AVAILABLE DATA >>
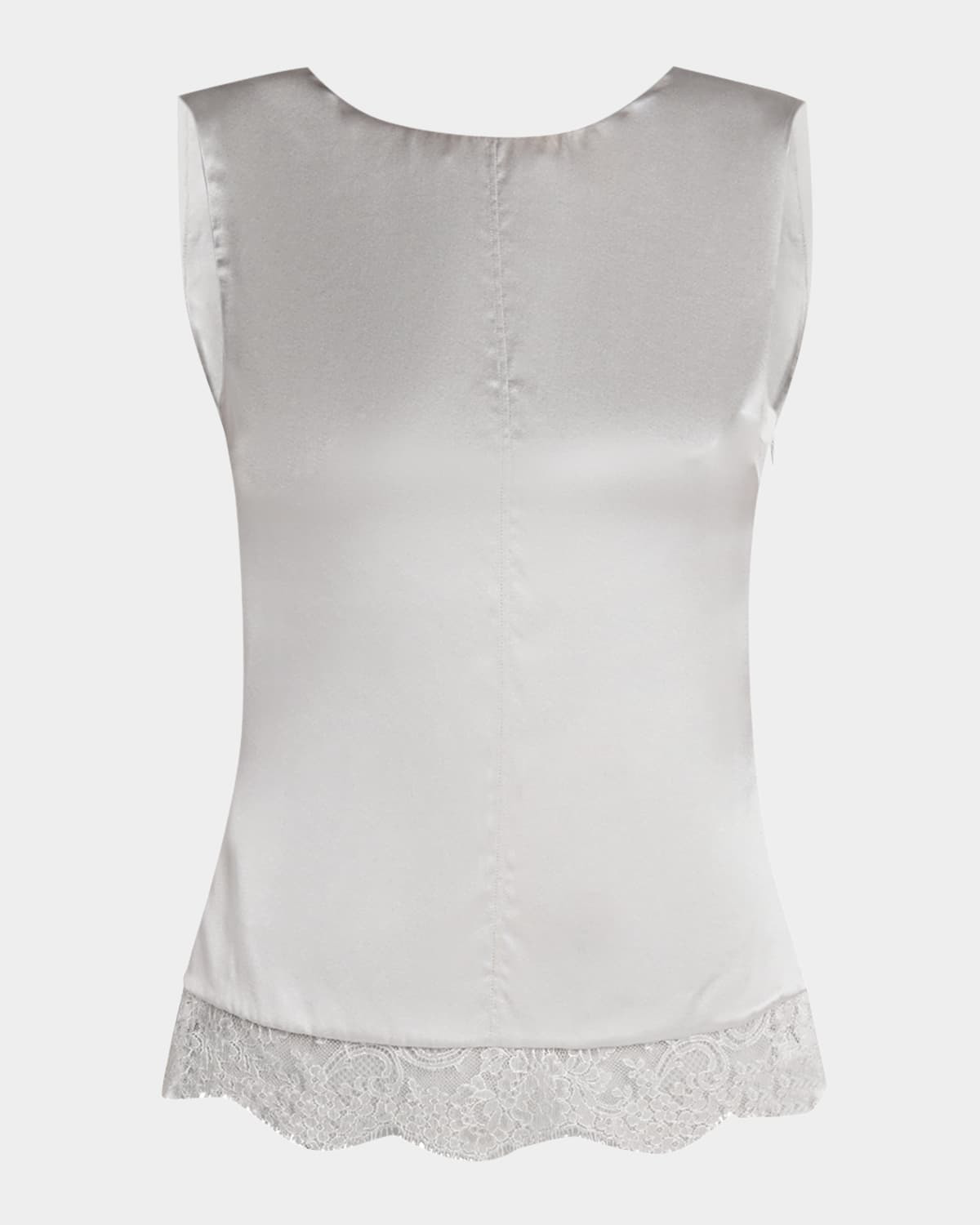 SLEEVELESS SILK TOP WITH V-BACK AND LACE INSERTS
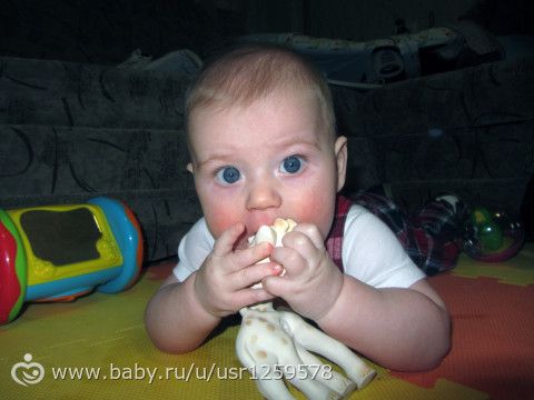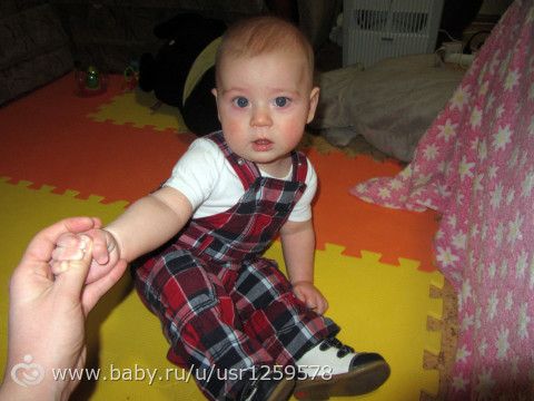Стоит и качается на четвереньках, ползает как лягушка, отталкивается двумя ногами. Вчера впервые пробовал переставлять ноги по очереди, думаю, еще пара дней и он полноценно поползет :)
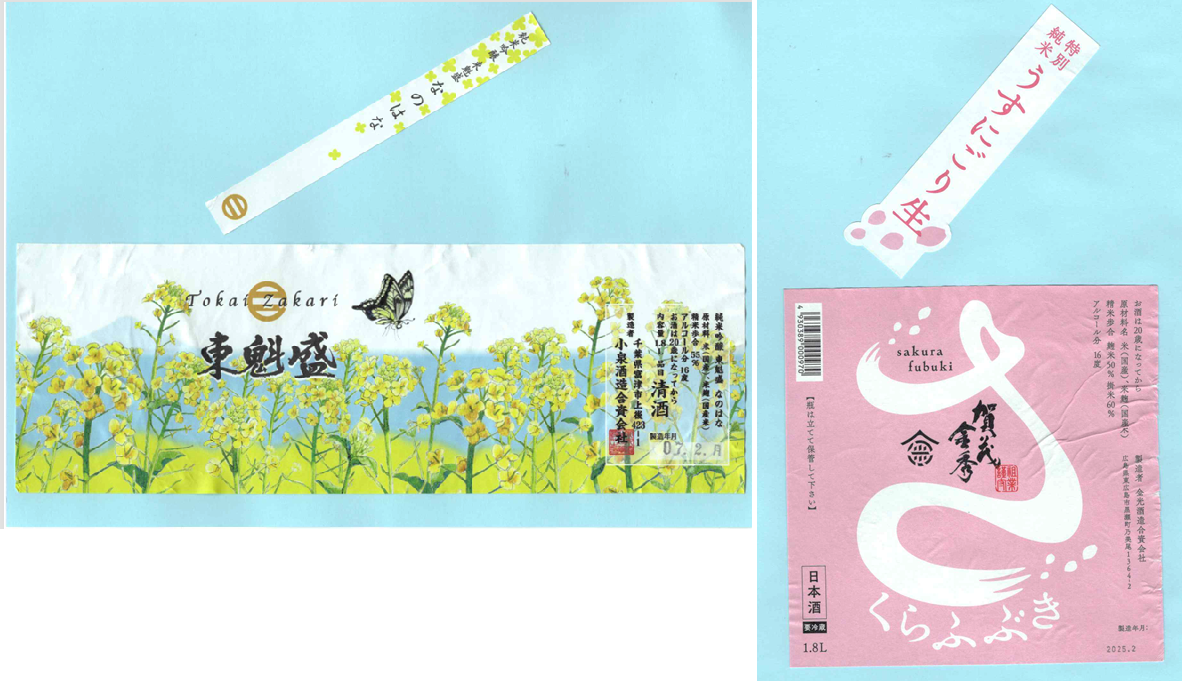 「酒の間」の小泉酒造「東魁盛」ラベルと金光酒造「賀茂金秀」ラベルに追加しました。
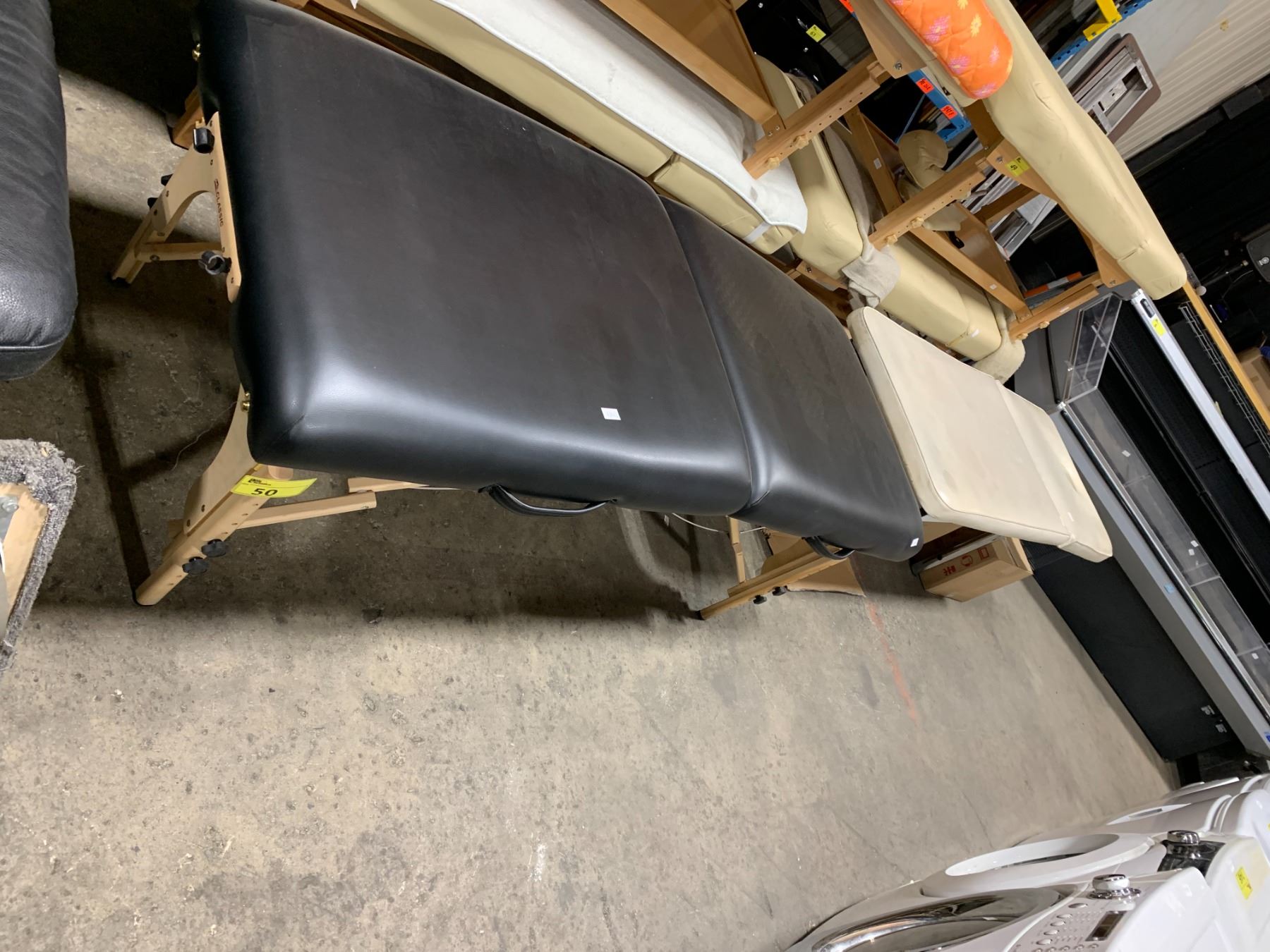 COMMERCIAL BLACK 72"L X 30"W X 28"H FOLDING PROFESSIONAL MASSAGE BED & CREAM 72"L X 28"W X 27"H TILTING PROFESSIONAL MASSAGE BED
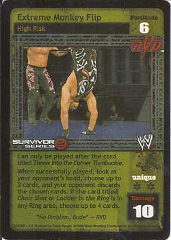 Can only be played after a successfully played maneuver or the card titled Throw Into the Corner Turnbuckle. When successfully played, look at your opponent's hand, choose up to 2 cards, and he discards the chosen cards. If the card titled Chair Shot or Ladder in the Ring is in any Ring area, instead choose up to 4 cards.

TASK TO COMPLETE >> Reproduce exactly and only the lines from the line that contains "TILTING PROFESSIONAL MASSAGE BED" to the end of the data above, both ends included. No pictures go in the copy.

ANSWER >>
 COMMERCIAL BLACK 72"L X 30"W X 28"H FOLDING PROFESSIONAL MASSAGE BED & CREAM 72"L X 28"W X 27"H TILTING PROFESSIONAL MASSAGE BED
 Can only be played after a successfully played maneuver or the card titled Throw Into the Corner Turnbuckle. When successfully played, look at your opponent's hand, choose up to 2 cards, and he discards the chosen cards. If the card titled Chair Shot or Ladder in the Ring is in any Ring area, instead choose up to 4 cards.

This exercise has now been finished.